5. A method of treating cancer, comprising introducing a therapeutically effective amount of:
(i) antibodies or antigen-binding fragment that recognizes the epitope having the sequence of SEQ ID NO:1; and
(ii) at least one anticancer means selected from the group consisting of doxorubicin, daunorubicin, epirubicin, Herceptin, docetaxel and cisplatin,
a needy patient.

6. Use
(i) antibodies or antigen-binding fragment that recognizes the epitope having the sequence of SEQ ID NO:1;
in the method of manufacturing a medicinal product for the treatment of leukemia.

7. Use
(i) antibodies or antigen-binding fragment that recognizes the epitope having the sequence of SEQ ID NO:1; and
(ii) at least one anticancer means selected from the group consisting of imatinib, paclitaxel, docetaxel, daunorubicin, doxorubicin and hydroxyacetone,
in the method of manufacturing a medicinal product for the treatment of leukemia.
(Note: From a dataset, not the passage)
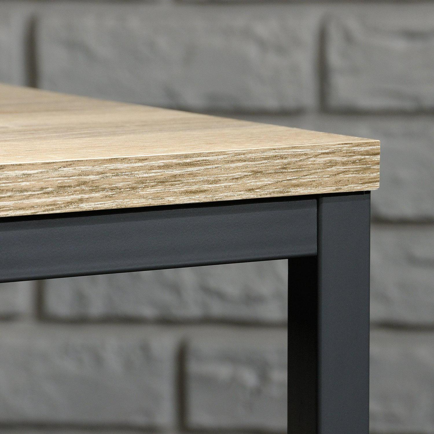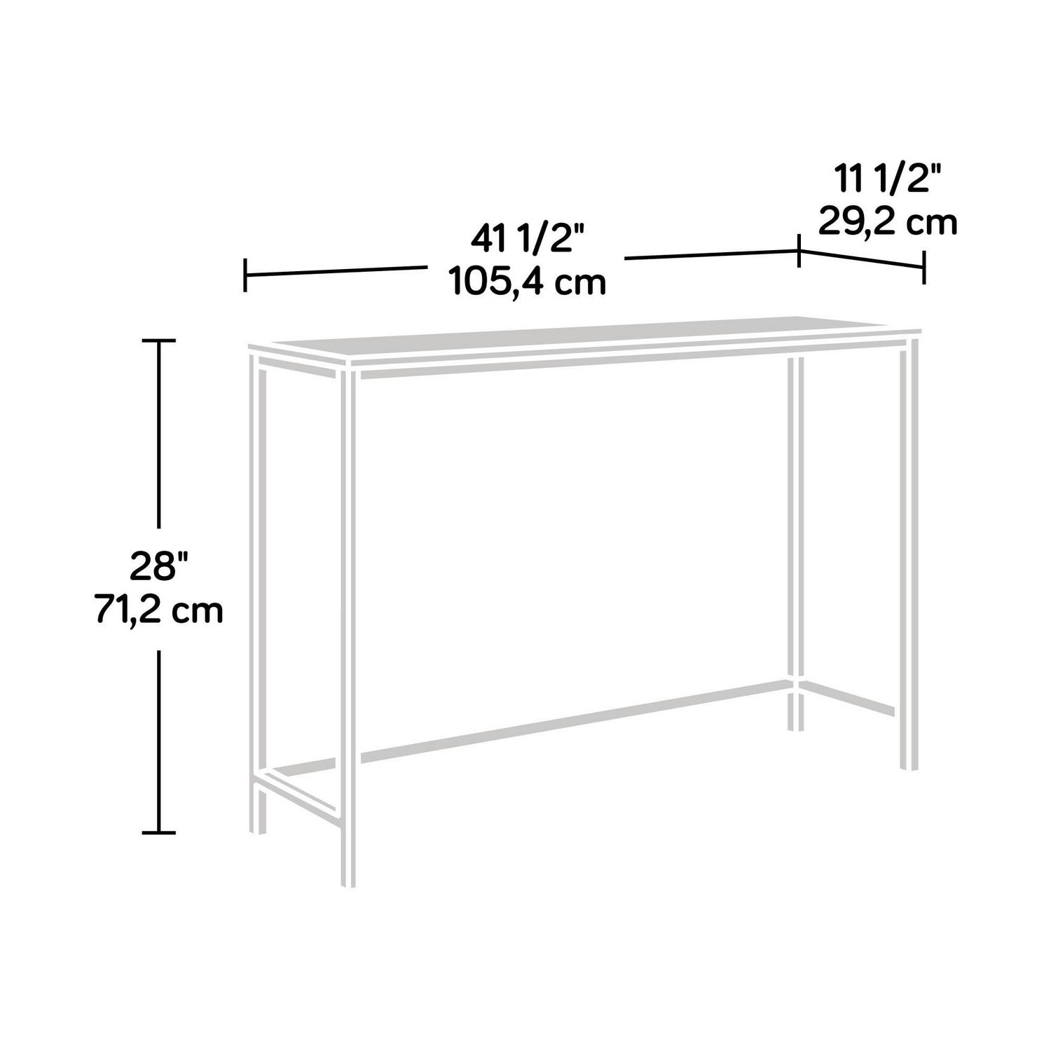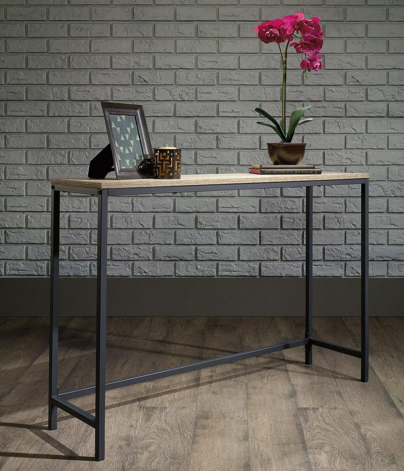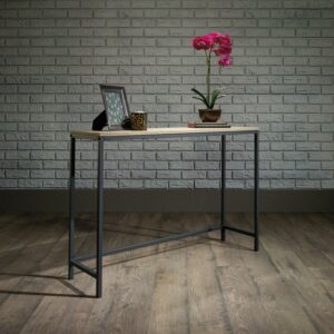 This Sauder North Avenue Console Table in Charter Oak makes a simple yet stylish addition to your living space. It features a black metal frame construction for durability and strength, and a charter oak finish on all sides. This Sauder console table is ideal for placing a house plant, ornament, framed picture or other small items on top of. It looks especially gorgeous when placed in an entryway or other transitional area in your home.

8. Combined preparation containing
(i) the antibody or antigen-binding fragment that recognizes the epitope is within the sequence of SEQ ID NO:1; and
(ii) at least one anti-cancer agent selected from the group consisting of imatinib, paclitaxel, docetaxel, daunorubicin, doxorubicin and hydroxyacetone,
for simultaneous, separate or sequential injection in the treatment of leukemia.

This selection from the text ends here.